219 So, in my opinion, it is with s 48A(1). The features of the legislative scheme to which I have referred reveal the following:
The legislative intention is that each individual non-citizen must apply for a visa.
The scheme does not differentiate in this requirement between adults and minors, nor between those with and without legal capacity, although it may impose different visa criteria which are, at least, age dependent.

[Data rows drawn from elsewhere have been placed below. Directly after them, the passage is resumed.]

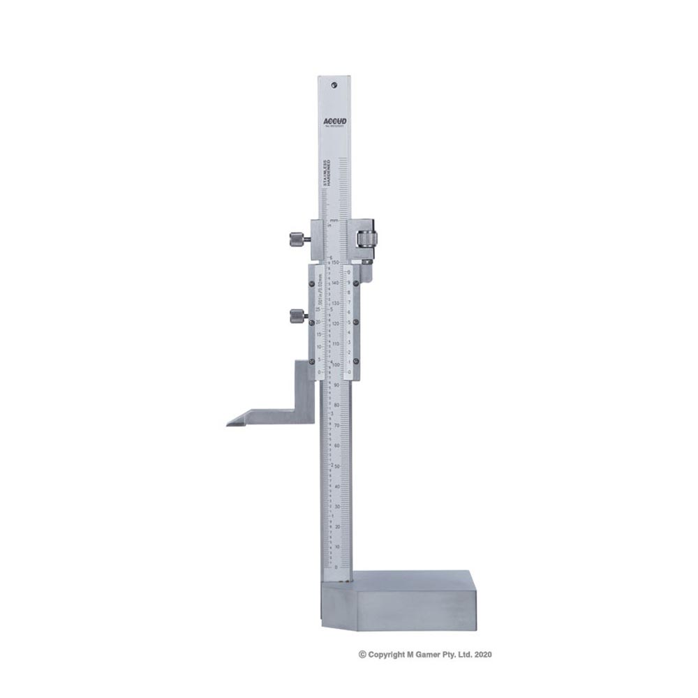 Carbide tipped scriber. Made of stainless steel (except the base). Satin chrome plated scale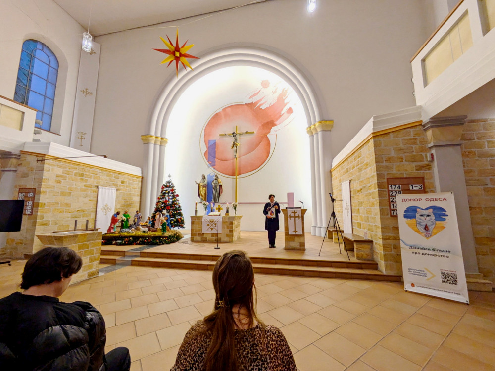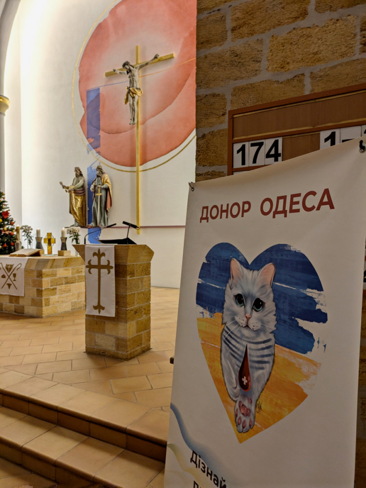 Символично, что над алтарем Одесской кирхи находится мурал с большой красной пятной, которая олицетворяет кровь Иисуса Христа, объединяющую всех, кто приходит к Божьему алтарю для причастия.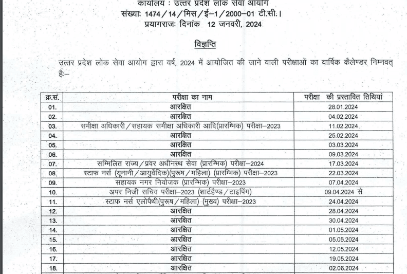 UPPSC Exam Calendar 2024 | |||||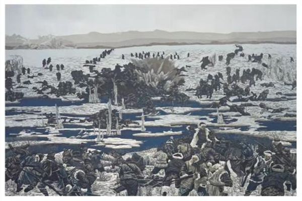 版畫作品《冰趟子戰(zhàn)役中的趙尚志》實景再現(xiàn)了東北抗日聯(lián)軍殲敵最多的著名戰(zhàn)役一一冰趟子戰(zhàn)役,展現(xiàn)了趙尚志同志指揮若定、英勇殲敵的英雄形象。抗聯(lián)戰(zhàn)士借助冰趟子封凍這一東北地區(qū)特有的有利地形,化被動為主動,對尾追日軍進行伏擊,殲滅大量日軍。體現(xiàn)了東北抗聯(lián)在極其惡劣的條件下,捍衛(wèi)中華民族的無畏斗爭精神。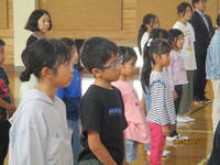 本日は前期終業式が行われました。受賞報告の後、1年生と4年生の代表児童が半年間の頑張りについて述べました。とても立派な発表でした。校長先生からは、「三連休は通知表を参考にしながら前期をよく振り返り、後期に生かしてください」という話をしました。42名の東っ子の皆さん、気持ち新たに後期をスタートさせていきましょう。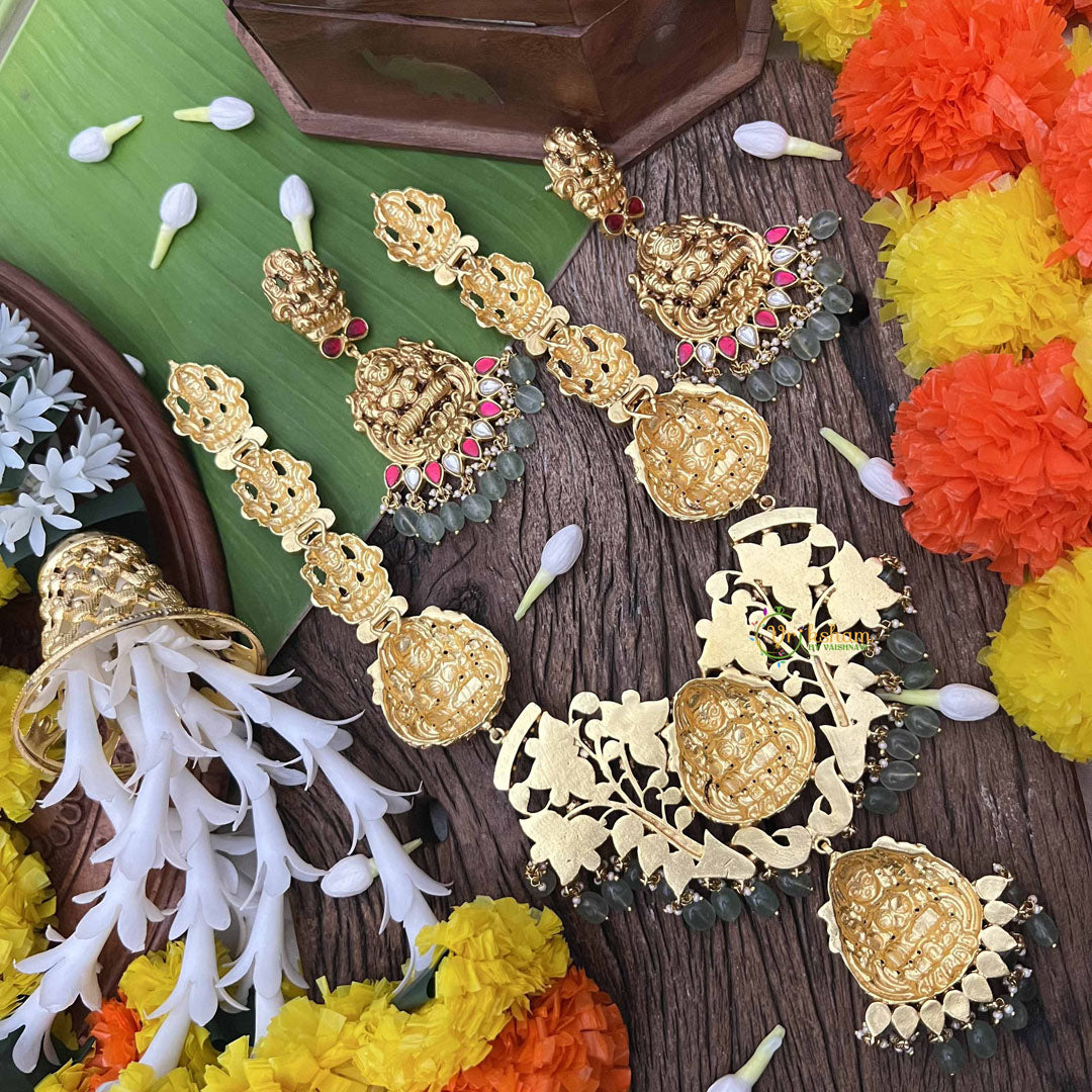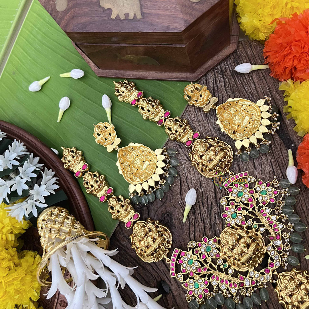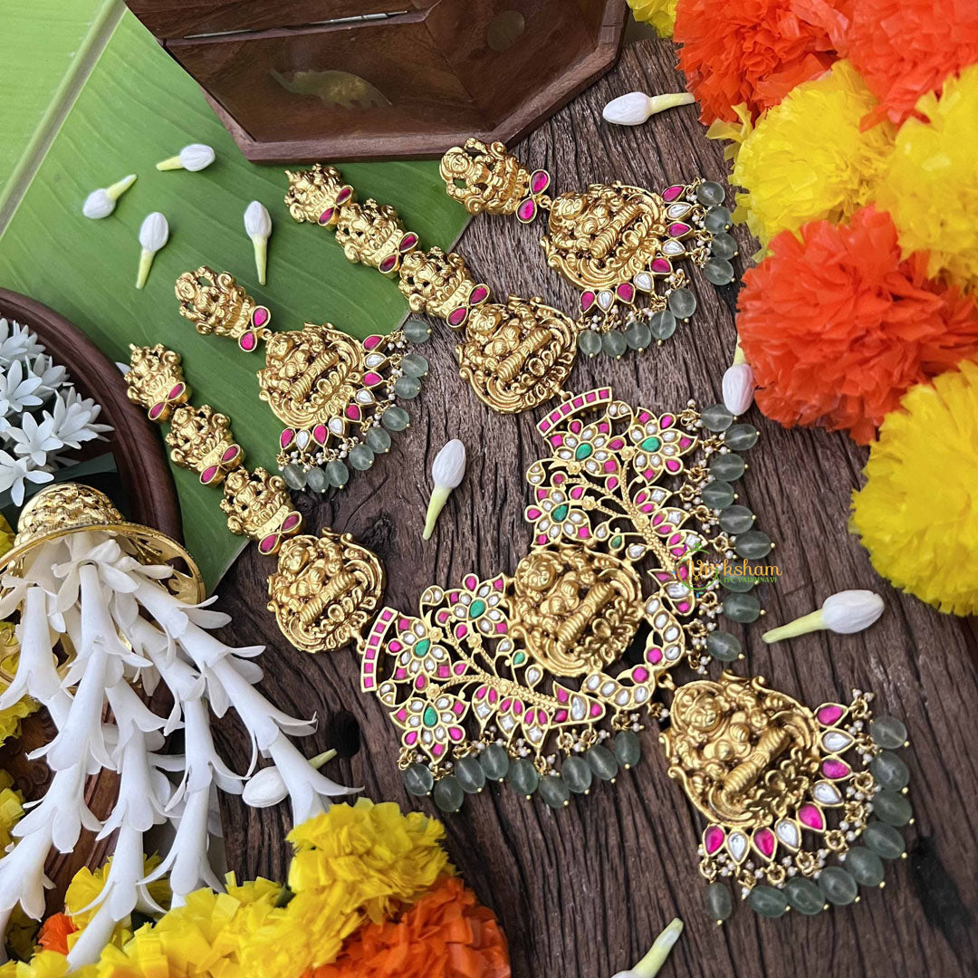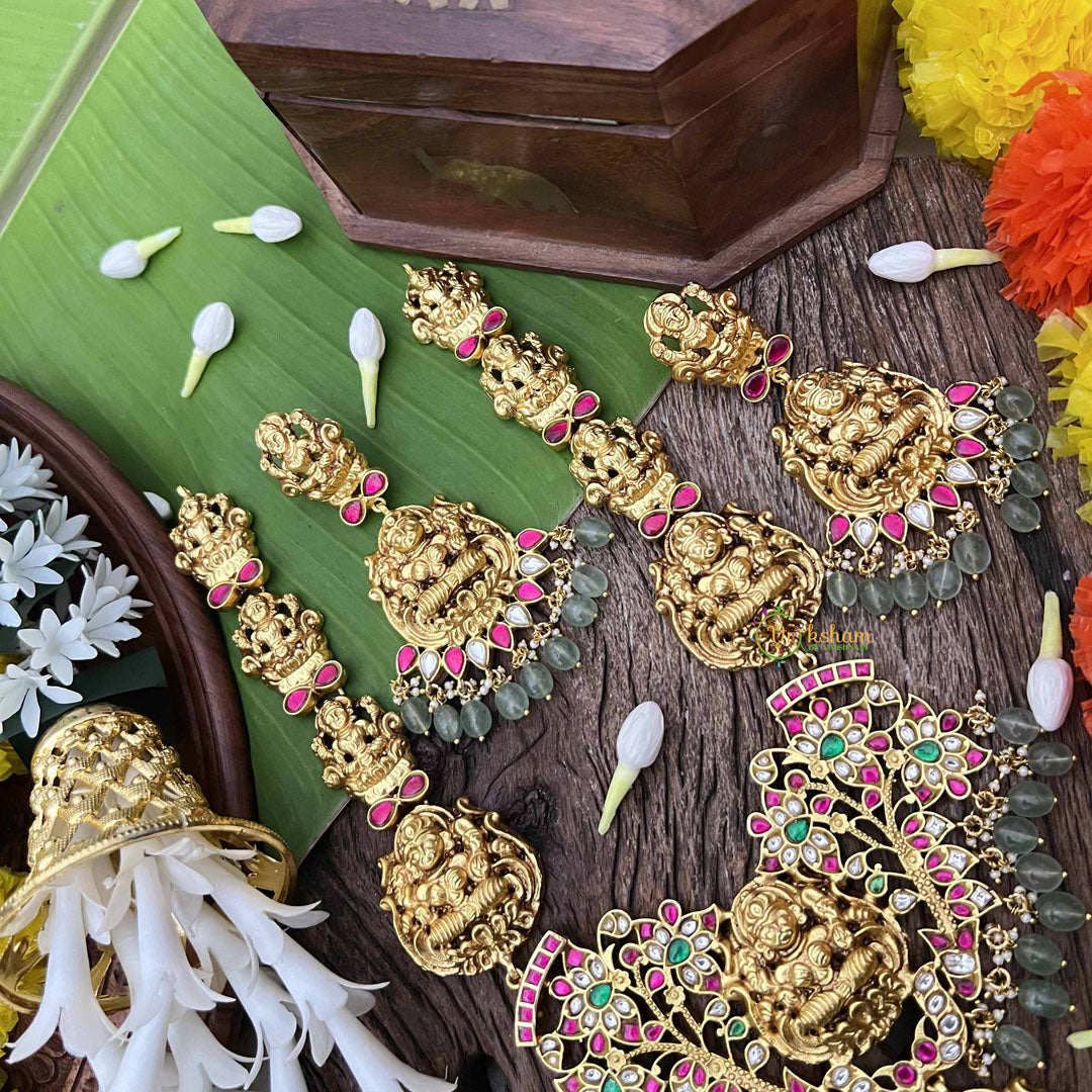 Invoke divine blessings with this exquisite Lakshmi Idol long neckpiece, a profound fusion of spirituality and artisanal excellence. The sacred Lakshmi pendant, adorned with intricate floral Kundan Jadau work, radiates prosperity and grace. Complemented by a harmonious palette of rich red, verdant green, and pristine white stones interspersed with elegant green beads, this piece transcends mere adornment. Perfect for spiritual seekers and tradition-conscious individuals, it serves as both a devotional symbol and a statement of refined taste, making it an heirloom treasure worthy of cherished moments and sacred celebrations.
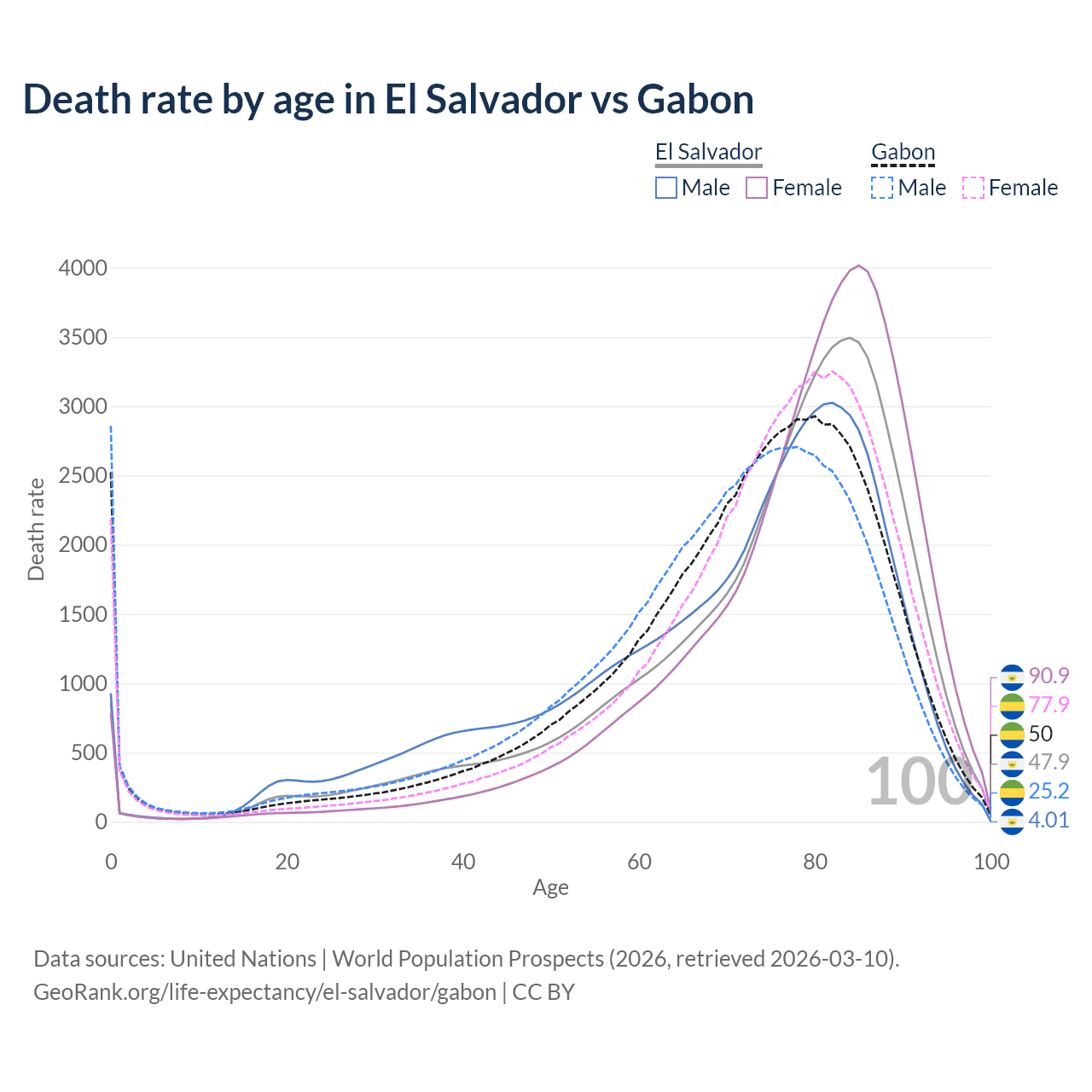 In El Salvador, the most common age of death is 84, compared to 80 in Gabon. The median age of death is 78.1 in El Salvador and 73.9 in Gabon, meaning only half of each cohort is expected to live past that age.

The Act and the Regulations, which are intended to operate together to create a scheme for the grant, refusal and cancellation of visas, facilitate the consideration of visa applications by, and the grant of visas to, members of the family unit of an individual non-citizen identified by the scheme as the primary applicant. While this has some beneficial consequences, in the sense that the existence of family unit criteria enable the grant of visas to non-citizens who may not otherwise qualify for those visas, the scheme also ties the fate of the migration status of members of the family unit to the migration status of the primary applicant, including on some occasions in relation to cancellation of visas.
When the scheme describes a non-citizen as "making" an application, or an application as "made", it uses this language as a way of describing the process required of each non-citizen by s 45.
220 These features mean that, in my opinion, the correct construction of s 48A(1), including the phrase "made an application", is that it is intended to include each non-citizen who has applied for a protection visa, whether alone, or as a member of a family unit.